2 de junho de 2026 · 9 min de leitura

Balança da justiça sobre documentos contábeis representando dissolução parcial de sociedade e apuração de haveres
O CPC/2015 criou rito especial para a dissolução parcial de sociedade, com nomeação obrigatória de perito para apuração dos haveres.

A dissolução parcial de sociedade é o instituto pelo qual um sócio se retira — ou é excluído — da pessoa jurídica sem que a empresa encerre suas atividades. Com o Código de Processo Civil de 2015 (Lei n.º 13.105/2015), o procedimento ganhou rito próprio nos artigos 599 a 609, incluindo a nomeação obrigatória de perito para a apuração de haveres. Este artigo explica cada etapa do rito processual e detalha o papel do profissional técnico na determinação do valor da quota-parte do sócio dissidente.

O que é a dissolução parcial de sociedade

A dissolução parcial de sociedade é o mecanismo jurídico pelo qual a participação societária de um sócio é extinta sem que a empresa deixe de existir. Diferente da dissolução total — que encerra a sociedade e leva à sua liquidação —, a dissolução parcial preserva a atividade econômica e o patrimônio produtivo para os demais sócios.

O Código Civil de 2002 (arts. 1.029 a 1.032) já disciplinava a matéria, mas o CPC/2015 deu ao tema um procedimento especial autônomo, previsto nos arts. 599 a 609. A novidade foi decisiva para a prática forense: antes, os advogados precisavam adaptar ritos genéricos a uma demanda de alta complexidade técnica; com a nova lei, existe um caminho processual claro, com prazos definidos e a figura do perito inserida de forma expressa na legislação.

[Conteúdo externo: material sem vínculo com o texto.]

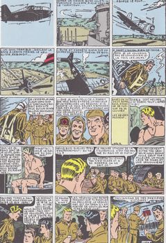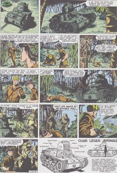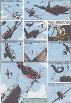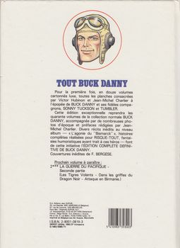 remarques: | album intégral réunissant les tomes 1,2 et 3 série d'aventures d'aviation avec les pilotes Buck Danny, Sonny Tuckson et Tumbler, bien dessiné par Hubinon et surtout un bon scenario par Charlier Hubinon >> voir CBD no 35 série Barbe Rouge Charlier >> Voir CBD no 37 série Blueberry intégral regroupant les 3 premières aventures de Buck Danny (les japs attaquent = 51 planches, mystères de Midway = 54 planches et la revanche des fils du ciel = 60 planches) + un récit inédit en N+B: l'agonie du Bismarck >> les 2 premiers volumes donnent un bon aperçu des premiers combats navals dans le Pacifique, scenario bien documenté (Nouvelle Guinée, Guadalcanal, mer de Corail et Midway), le 3ème volume commence les aventures de Buck Danny en mission en Chine avec les "Flying Tigers" à noter que la série de Buck Danny comprend 61 albums de 1948 à 2025, le dernier intitulé "traque en haut altitude" (2025) Information les Aventures de Buck Danny est une série de bande dessinée franco-belge d'aviation créée par Jean-Michel Charlier et Victor Hubinon, parue entre 1947 et 2008 dans l'hebdomadaire Spirou et publiée en 60 albums depuis 1948 par l'éditeur belge Dupuis ses héros (de fiction) sont trois aviateurs militaires américains (Buck Danny, Sonny Tuckson et Jerry Tumbler) qui, aux commandes de leurs avion qui vivent de nombreuses aventures, leurs péripéties couvrent, entre autres, la majorité des conflits auxquels ont participé les forces armées américaines, depuis la Seconde Guerre mondiale jusqu'à la guerre de Bosnie Georges Troisfontaines participa également à cette création mais de manière très limitée, accessoire et non significative (quelques planches du premier album) au cours des années 1940, Victor Hubinon et Jean-Michel Charlier travaillent séparément pour la World Press, une agence belge dirigée par l'homme d'affaire Georges Troisfontaines, celui-ci leur propose de s'associer, les deux hommes signent tout d'abord l'agonie du Bismarck, un récit de guerre sur la poursuite du cuirassé Bismarck qui est publié dans le Journal de Spirou en 1946, ils réalisent également Tarawa: atoll sanglant, un récit historique publié en Belgique de fin 1948 à fin 1949 dans l'hebdomadaire Moustique et qui relate la prise de l'atoll de Tarawa dans le Pacifique par les troupes américaines Hubinon et Charlier poursuivent leur collaboration avec la création de la série Buck Danny dont la première aventure parait dans Spirou à partir du no 455, Georges Troisfontaines est encore présent aux débuts de la série, écrivant les douze premières planches des japs attaquent, mais il n'interviendra plus par la suite pendant leurs débuts, ou période de "vaches maigres" comme aimait à le dire Jean-Michel Charlier, Victor Hubinon passait des heures sur son carnet de brouillons afin de ne pas perdre la main et ils partageaient le couchage de la sorte: "à toi le matelas, à moi le sommier" (Jean-Michel Charlier) en 1979, Victor Hubinon décède des suites d'un cancer, après quelques années d'interruption, Buck Danny reprend du service, animé cette fois par Francis Bergèse, déjà connu du monde aéronautique la série s'est toujours caractérisée par un réalisme extrême des appareils volants dessinés, faisant apparaître les innovations marquantes dès qu'elles étaient connues: appareil VTOL (à décollage et atterrissage vertical), avions furtifs, appareils russes à effet de sol, etc la rédaction de Spirou s'en amusait tellement qu'elle monta un jour un canular où l'on voyait Victor Hubinon interpellé à son domicile par la CIA souhaitant savoir comment il obtenait une documentation aussi précise! les bases militaires (et navales) où sont situées ces aventures ainsi que les bâtiments à bord desquels elles se déroulent sont également pris dans la réalité, correctement et fidèlement décrits: porte-avions de l'US Navy et leurs escorteurs mais aussi des unités aéronavales russes et françaises pour certains épisodes, des événements véridiques ne servent pas seulement de cadre contextuel, mais également de thème principal, ainsi en est-il de la guerre de Bosnie ou la guerre de Corée, toutefois, pour des raisons politiques (il n'était alors pas idéologiquement correct d'évoquer ce conflit en favorisant le point de vue américain alors même que les forces françaises avaient participé à ce conflit), les deux albums traitant de la guerre de Corée furent interdits en France de 1954 à 1968; pour éviter d’encourir à nouveau le risque d’une telle censure, Jean-Michel Charlier inventa par la suite des pays fictifs, cette astuce lui donna une plus grande liberté vis-à-vis de l'image qu'il pouvait en donner et les événements qu'il pouvait y placer; ainsi en ira-t-il du "Managua", état imaginaire repris d'un épisode de Tanguy et Laverdure qui apparut dans les trois premiers albums de Francis Bergèse, puis dans deux autres réalisés après le décès de Charlier le réalisme de la bande dessinée apparaît également dans la documentation technique accompagnant la série: des dispositifs aéronautiques sont expliqués et schématisés pour le lecteur afin qu'il comprenne la série sans forcément être spécialiste (la radiogoniométrie est ainsi expliquée dans un album, l'approche aux instruments dans un autre, etc.), de même certains appareils sont détaillés et accompagnés d'une petite notice explicative avec un historique et les principales caractéristiques en revanche, la longueur de la carrière militaire des trois héros, de la guerre du Pacifique à nos jours, est fort irréaliste, surtout si l'on songe qu'ils sont censés risquer leur vie à chaque page, on voit notamment qu'ils ont commencé à piloter les P-40 des Tigres Volants et pilotent actuellement les avions furtifs F-22, certes cette longévité est caractéristique de nombreux héros de bande dessinée, comme Tintin, mais celui-ci n'évolue pas dans

As hipóteses mais comuns de dissolução parcial são: retirada voluntária do sócio, exclusão por justa causa, morte do sócio quando o contrato não admite a entrada dos sucessores, e dissolução judicial fundada na quebra da affectio societatis. Em todos esses casos, o sócio que sai tem direito ao valor econômico correspondente à sua participação — e é exatamente esse valor que o perito precisa apurar com rigor técnico.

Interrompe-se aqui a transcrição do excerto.